Acraea ntebiae

Scientific classification
- Kingdom: Animalia
- Phylum: Arthropoda
- Class: Insecta
- Order: Lepidoptera
- Family: Nymphalidae
- Genus: Acraea
- Species: A. ntebiae
- Binomial name: Acraea ntebiae Sharpe, 1897
- Synonyms: Acraea (Actinote) ntebiae; Acraea melanostricta Sharpe, 1904; Acraea mairessei Aurivillius, 1904; Acraea mairessei ab. dewitzi Aurivillius, 1904;

= Acraea ntebiae =

- Authority: Sharpe, 1897
- Synonyms: Acraea (Actinote) ntebiae, Acraea melanostricta Sharpe, 1904, Acraea mairessei Aurivillius, 1904, Acraea mairessei ab. dewitzi Aurivillius, 1904

Species of butterfly

Acraea ntebiae is a butterfly in the family Nymphalidae. It is found in the Democratic Republic of the Congo, Uganda, Tanzania and Zambia.
==Description==

A. mairessei Auriv. Wings above fully scaled, black with 6 semitransparent white spots on the forewing (in 1 b, 2, 4-6 and in the apex of the cell) and a sulphur-yellow median band on the hindwing, formed as in melanoxantha Beneath the ground-colour of the hindwing and 8 or 9 elongate marginal spots on the forewing are bright sulphur-yellow; the veins of both wings very broadly edged with black at the distal margin; the streaks on the interneural folds are very short and thick, more like spots, and do not nearly reach the distal margin; cell of the hindwing only with one black dot. Congo and Uganda. - f. dewitzi Auriv. only differs in having the median band on the upperside of the hindwing red-yellow and the white spots in
1 b and the cell of the fore wing smaller.

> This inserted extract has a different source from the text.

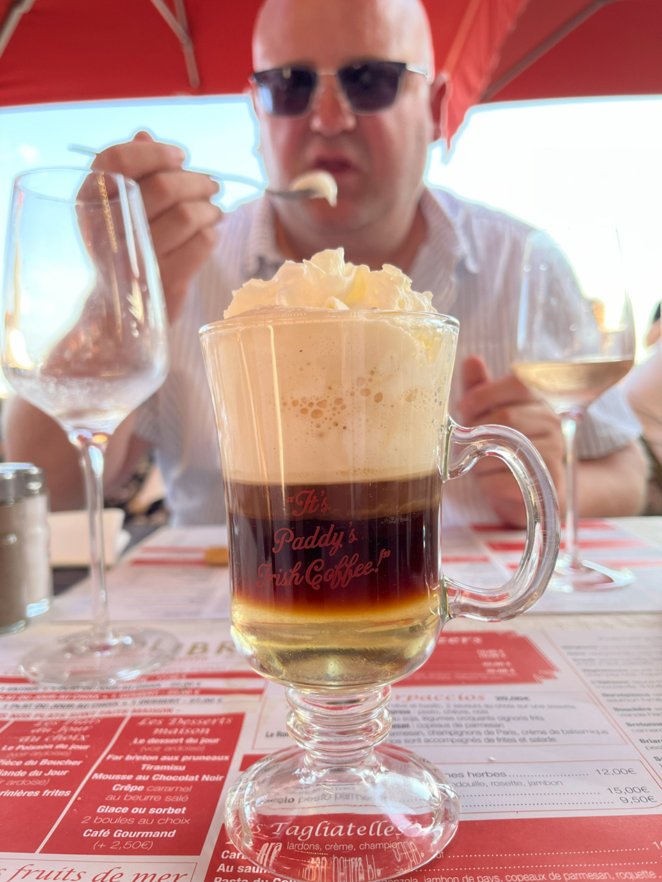 Het is al een eind over de middag en onze koopjes hebben de appetijt aangescherpt. Aan het einde van de winkelstraat bij Le Celtic zijn er nog net twee bistrotafeltjes en vier stoelen vrij op het terras. De garçon schuift ze tegen elkaar en brengt ons drie gourmetburgers met een fles josé, zorgeloos genieten. Er staan zelfs Espresso Martini’s op de kaart, de perfecte afsluiter van een late lunch.

Congo region: Kassai.
==Subspecies==
- Acraea ntebiae ntebiae (central and northern Democratic Republic of the Congo, Uganda, north-western Tanzania)
- Acraea ntebiae dewitzi Carcasson, 1981 (Democratic Republic of the Congo: south-east to Shaba, Zambia)
- Acraea ntebiae kigoma Kielland, 1978 (Tanzania: Mount Mahale)
==Biology==
The habitat consists of forests.

Adults feed from flowers on trees and shrubs.